Keywords: EFIRM, liquid biopsy, non-small cell lung carcinoma, usctDNA, EGFR mutation
1. Introduction
Non-small cell lung cancer (NSCLC) accounts for 85–90% of all lung cancers and is the leading cause of mortality from cancer worldwide [1]. NSCLC patients harbor the two front-line sensitizing EGFR mutations (L858R in exon 21 and deletions in exon 19), rendering them susceptible to treatment by EGFR tyrosine kinase inhibitors (EGFR-TKIs) [2]. Besides EGFR mutations, somatic genomic testing for other actionable oncogenic biomarkers including BRAF V600E mutation, ERBB2 (HER2) mutations, MET amplification as well as rearrangements of ALK, ROS1, RET, and NTRK was recommended by the guidelines from numerous professional societies [3,4,5]. Consequently, it is incumbent on physicians to determine the mutation status of EGFR and other therapeutically targetable mutations of lung cancer patients to guide precision therapy and prognostic assessment of patient health.

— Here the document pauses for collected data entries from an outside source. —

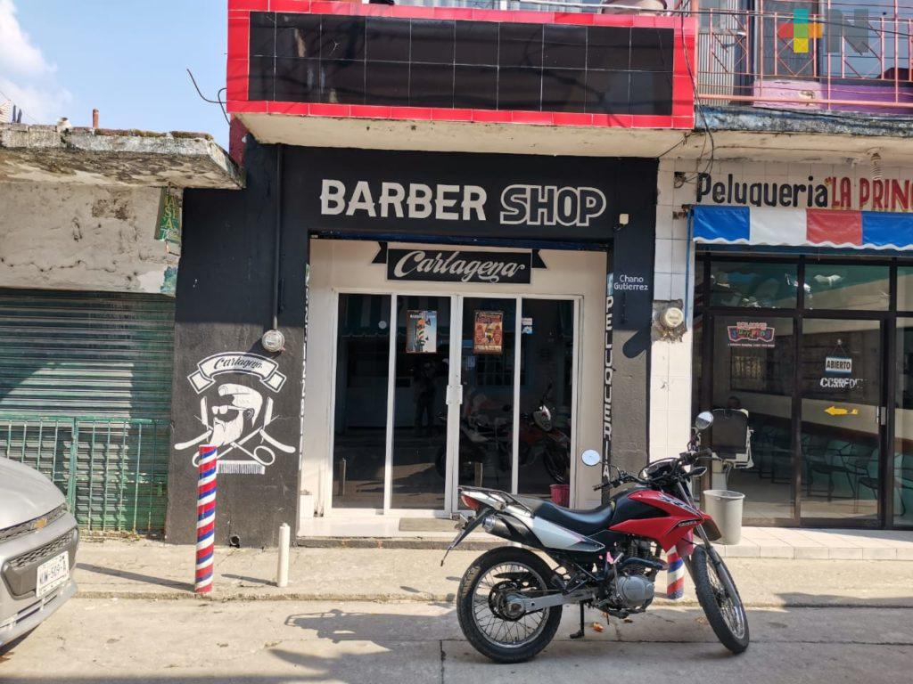El establecimiento se ubica sobre la calle Revolución en el centro de Las Choapas, muy cerca del palacio municipal, y se identifica por su letrero “Barber Shop Cartagena”, con letras blancas y fondo negro.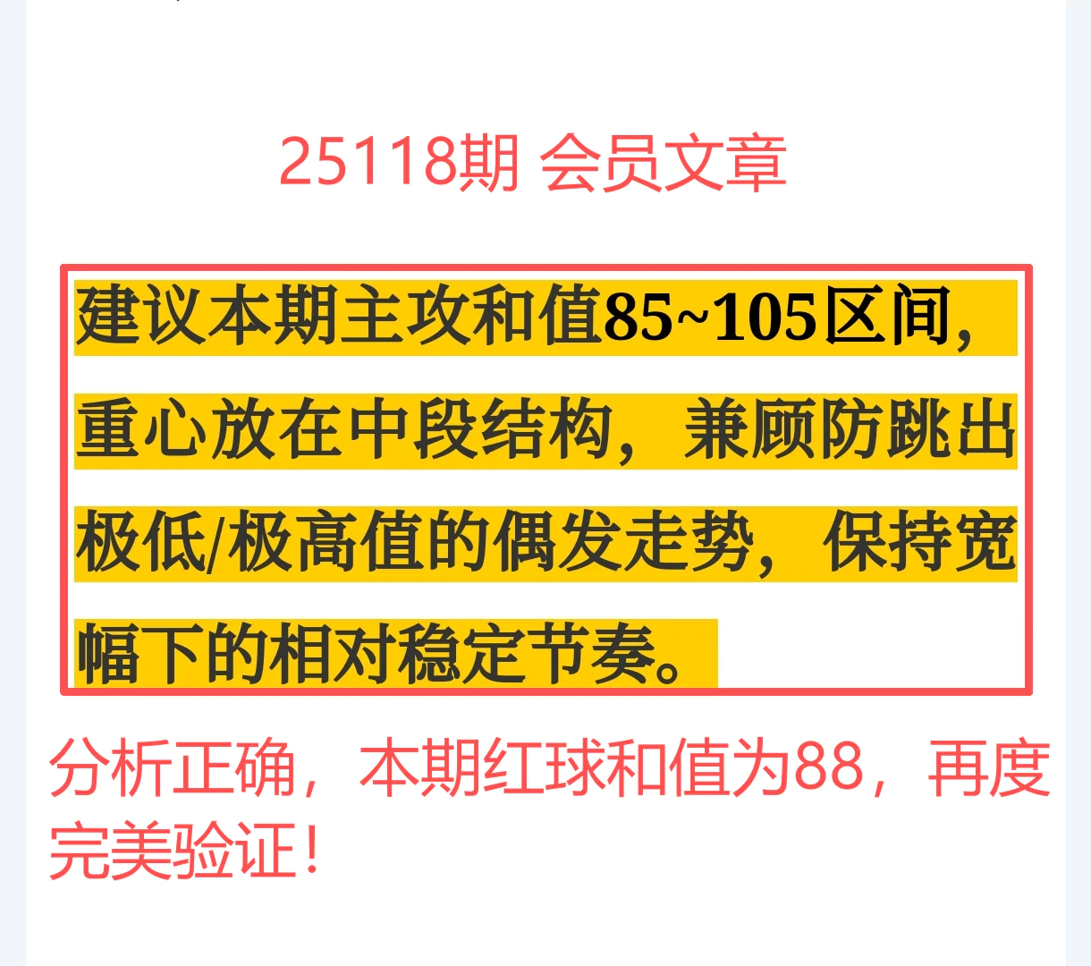 上期和值为88,稳稳落在我们建议的“85~105主攻区间”内,结构判断扎实有效。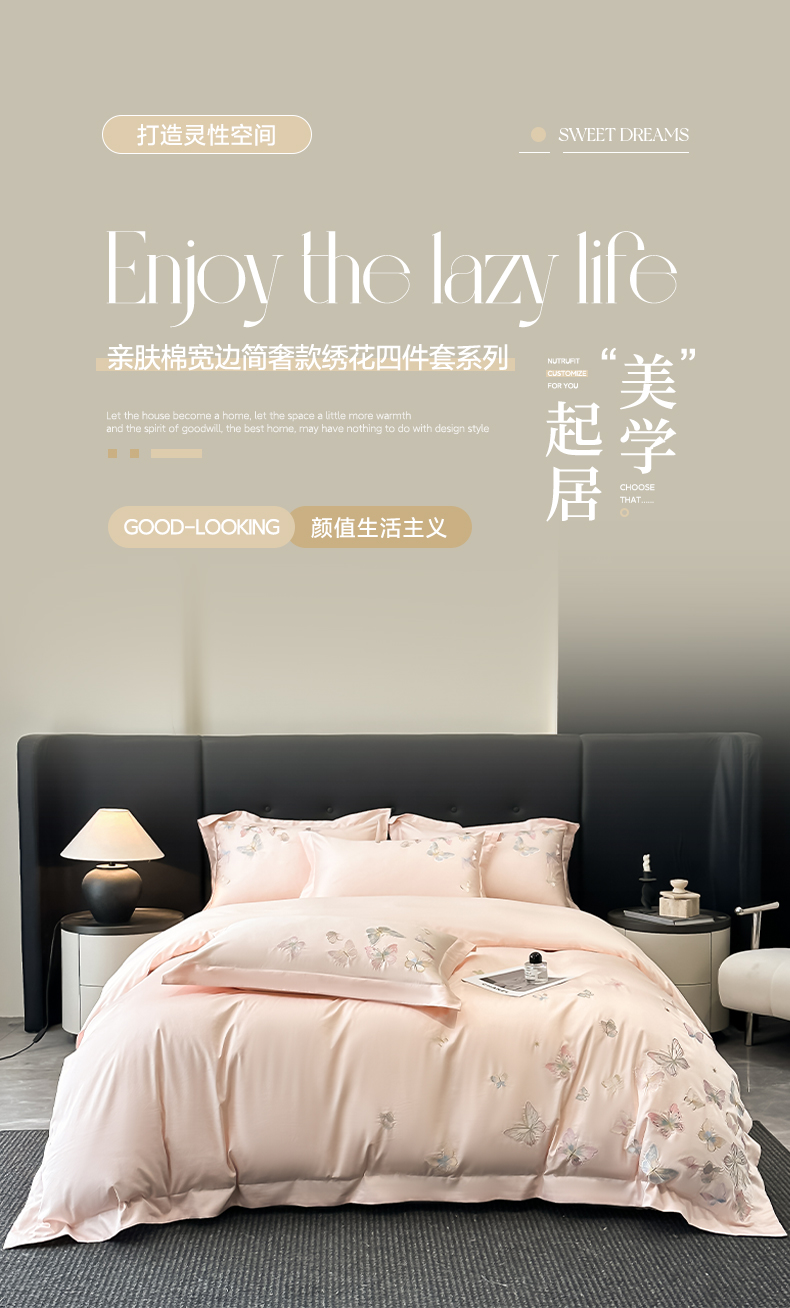 (总)博纳家纺 2025新款亲服棉宽边高级简奢款绣花四件套-漫山花野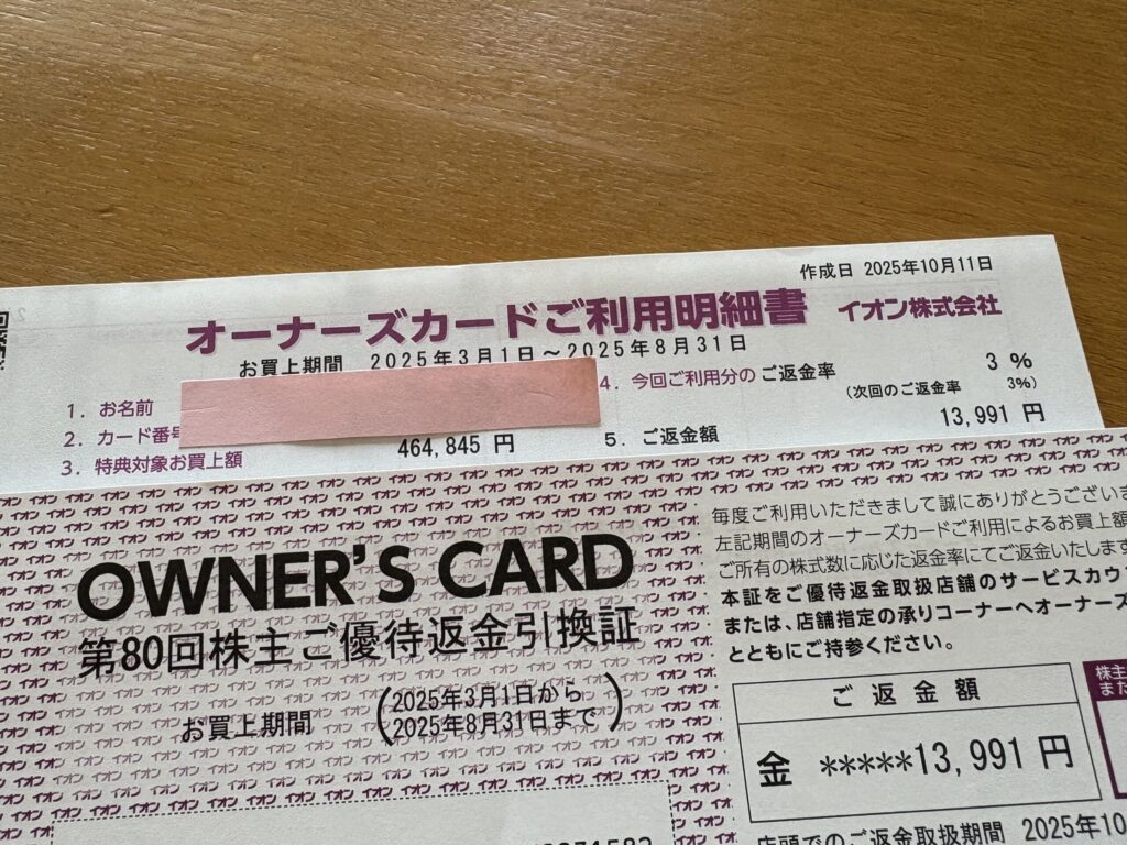 イオンの株主優待「オーナーズカード」を利用すると、半年に一度イオンで買い物した金額の3%がキャッシュバックされます(3%は300株保有の場合)。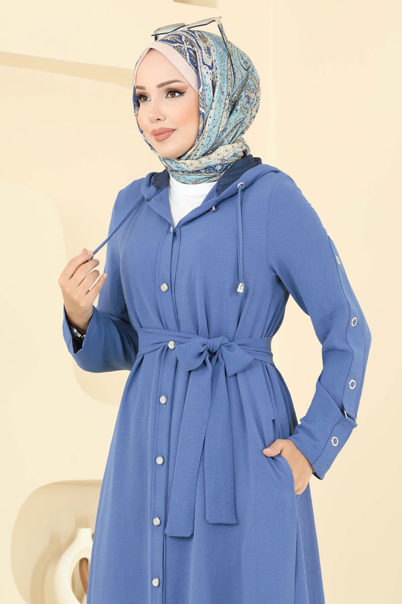 Product Feature : It is a new season hijab fashion product. My pocket knife has a bird’s eye rivet. The product has From the front buttons. Unlined. The hood is sewn to the product.The inside of the hood has mesh detail. Belt included, optional not available. There may be a tonal difference in the product due to concept photo shoots.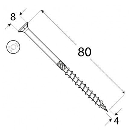 ВИНТЫ СТОЛЯНЫЕ ПО ДЕРЕВО CS 4x80 TORX С КОНИЧЕСКОЙ ГОЛОВКОЙ DOMAX 100 ШТ.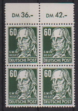 60 Pfg. schwarzgrün, Köpfe II, im postfrischen Oberrand-Viererblock, sign. Mayer. Mi. 360,-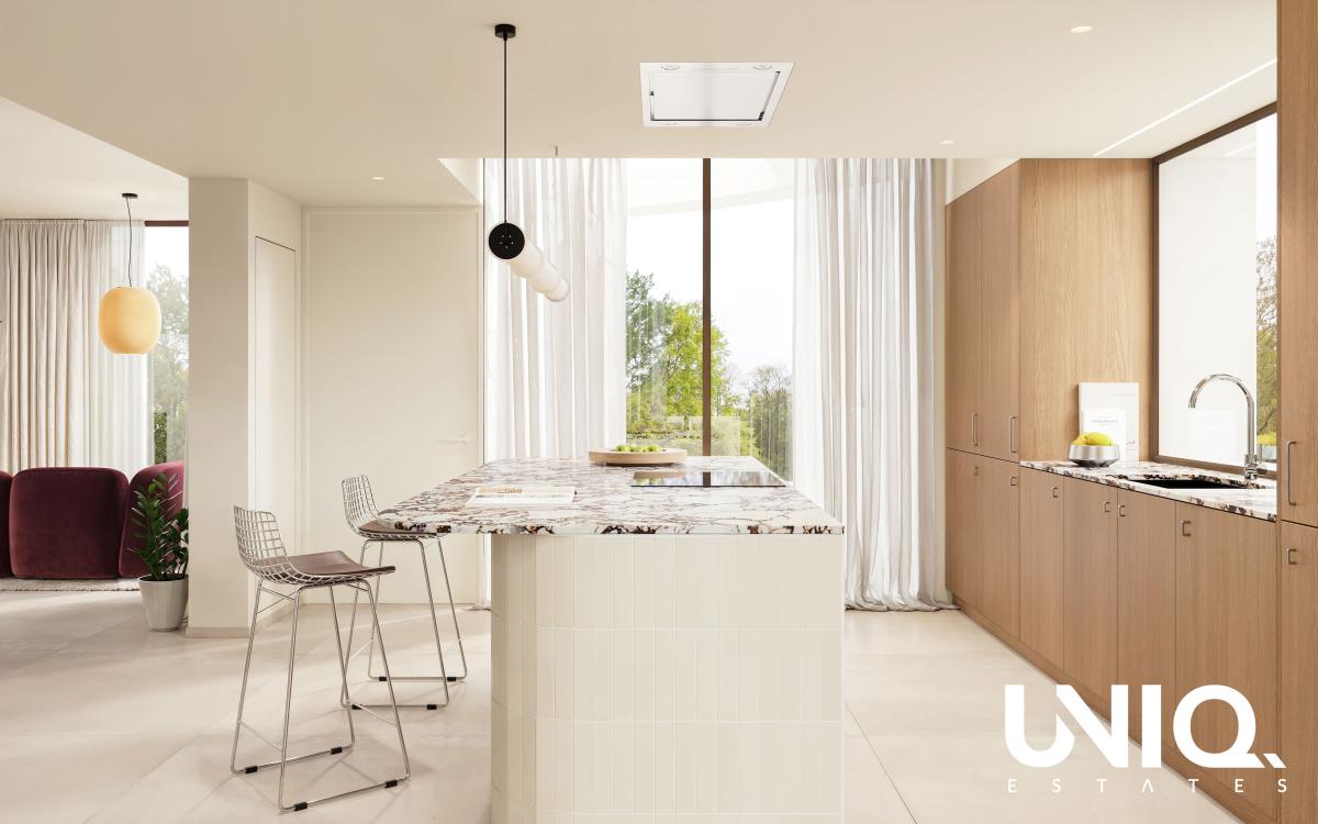 Wat deze villa’s écht onderscheidt, is het verrassende woonconcept: de volledige leefruimte bevindt zich op het ondergelegen niveau. Deze riante onderbouw is geen kelder, maar een volwaardig leefniveau, afgewerkt in dezelfde hoogwaardige stijl als boven. Hier vind je een riante leefruimte, een volledig uitgeruste keuken, een eetzone en een vierde slaapkamer met badkamer ensuite.

Liquid biopsy (LB) with non-invasive profiling of tumor-derived cell-free DNA (cfDNA), or circulating tumor DNA (ctDNA), has gained significant attention in the scientific community as a method to overcome the existing limitations of tissue biopsy techniques [6,7,8]. ctDNAs possess many tumor-associated molecular characteristics, such as genetic mutations [9,10,11] and methylation changes [12,13], which can confer specificity for tumor detection. Currently, liquid biopsy of ctDNA has already entered clinical practice. It is recommended in patients with insufficient or unobtainable tumor tissue specimen. Liquid biopsy also serves as a complement to routine tissue genotyping to identify acquired resistance mechanisms (e.g., EGFR T790M mutation) [14]. Nevertheless, the very low fraction of ctDNA relative to wild-type cfDNA background in the blood of cancer patients is an inherent challenge for liquid biopsy assays [15]. Thus, liquid biopsy analytical platforms that deliver detection sensitivity closest to biopsy-based genotyping of tumor-specific ctDNA are an unmet clinical need [16,17,18].
While liquid biopsy is an emerging field demonstrating translational and clinical utilities, much of the biological mechanisms and rationale by which tumor DNA molecules enter the bloodstream remain unclear. Recent studies using high-resolution size analysis for ctDNA and using next generation sequencing (NGS) demonstrated compelling evidence of ctDNA being shorter than the background somatic cfDNA [15,19]. In addition, the selection of short DNA fragments led to improved mutant ctDNA detection [15,20,21]. The overall size profile of plasma DNA suggests the majority of ctDNA may be derived from apoptotic/necrotic tumor cells. Exosomes found in plasma may also contain ctDNA molecules that harbor cancer somatic mutations [22,23,24], despite the source of these ctDNA not yet being resolved [25].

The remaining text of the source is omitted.